Nouvelle-Calédonie : Jérôme Fabre reprend les rênes (et les déficits) de la SLN

Nouvelle-Calédonie : Jérôme Fabre reprend les rênes (et les déficits) de la SLN

Changement à la tête de la SLN. Directeur de la division Alliages haute performance du groupe Eramet - maison-mère de la SLN - Jérôme Fabre a été nommé Directeur général de l’entreprise minière et métallurgique basée à Doniambo. Il a pris ses fonctions le 12 mai. Un sujet de notre partenaire Actu.nc.

La Société Le Nickel est une entité qu’il connaît bien pour avoir déjà occupé ce même poste de 2014 à 2018. Le diplômé de Polytechnique et de l’école des Ponts et chaussées succède ainsi à Guillaume Verschaeve, qui aura opéré 30 mois à la direction générale de la société, chahutée par de nombreuses difficultés financières.
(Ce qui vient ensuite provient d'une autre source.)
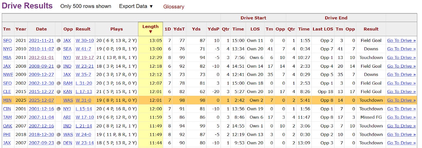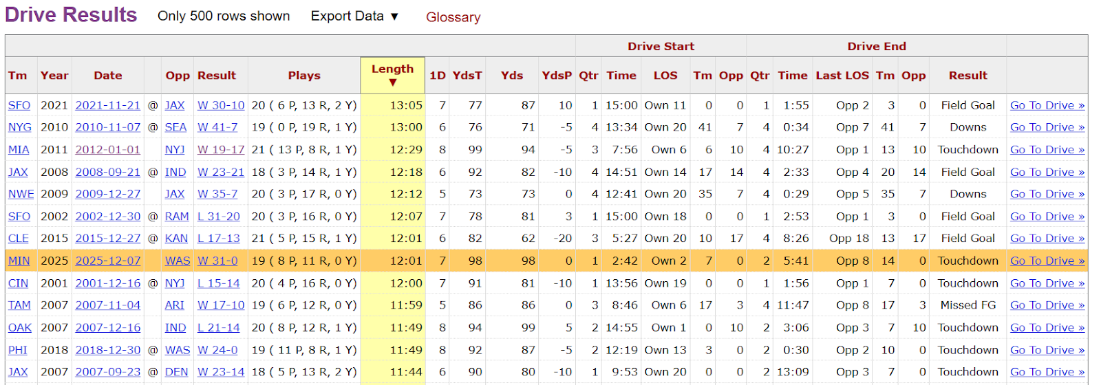 Then there’s the element of time. The Vikings started their drive with 2:42 left in the first quarter and scored with 5:41 left in the second, nearly erasing a whole quarter. That’s the most time a drive has taken up since San Francisco in 2021 (who have the longest recorded drive, taking up 13:05 on 20 plays), and ranks 8th longest among all drives. It’s third among drives that did not involve a penalty, and second among drives that ended in a TD, behind only the 2011 Miami Dolphins.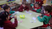 En el marco de la Unidad Didáctica “Bienvenida Primavera”, los niños de sala de 4 años, confeccionaron flores para decorar el pasillo del jardín.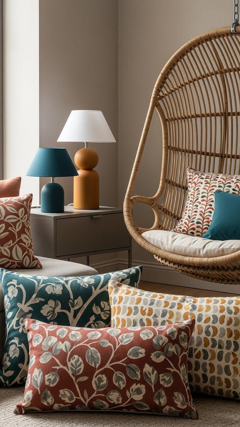 Patterned pillows tie the room together by echoing the hanging chair’s texture and the lamps’ graphic punch, so choose prints that bridge those elements without competing. You’ll mix and match confidently: pair organic motifs with geometric repeats, employ scale contrast to keep balance, and limit the palette for cohesion. Aim for curated variety that feels free, refined, and unmistakably yours.

Une situation critique que Jérôme Fabre avait déjà expérimentée lors de sa première prise de fonction, alors qu’il était jadis, à 41 ans, le plus jeune directeur nommé à la tête de la Vieille Dame. Le quadragénaire avait notamment mis en place un plan de performance de l’entreprise, dans la continuité du plan d’amélioration de sa compétitivité. L’idée était alors de parvenir à un coût de production hors investissement (cash cost) de 4,5 dollars US par livre de nickel produite à la fin 2017 pour un coût actuel de 8,2 dollars US par livre en moyenne en 2022.

De nombreux défis alors que la SLN est dans la tourmente 

Pour son nouveau mandat à bord du « navire » SLN, le challenge s’annonce tout aussi difficile pour Jérôme Fabre, voire plus corsé encore.  Il y a quelques mois, la Vieille Dame était au bord de la cessation de paiement. Un prêt d’urgence de 4,8 milliards de francs de l’État l’avait tirée temporairement de l’ornière, mais la société doit encore opérer d’importantes économies et restructurations pour espérer pérenniser son activité et gagner en compétitivité.

En 2022, La société Le Nickel a enregistré son 11e exercice déficitaire d’affilée, avec un résultat net de -29,8 milliards après -1,3 milliard en 2021 et -8,5 milliards en 2020. A cela s’ajoute une crise énergétique majeure et une baisse des cours du nickel qui font que la SLN consomme près de 2 milliards de francs de trésorerie par mois. Une alimentation électrique à des coûts compétitifs est notamment recherchée pour prendre le relais de la Centrale temporaire accostée en 2025, gourmande en fuel.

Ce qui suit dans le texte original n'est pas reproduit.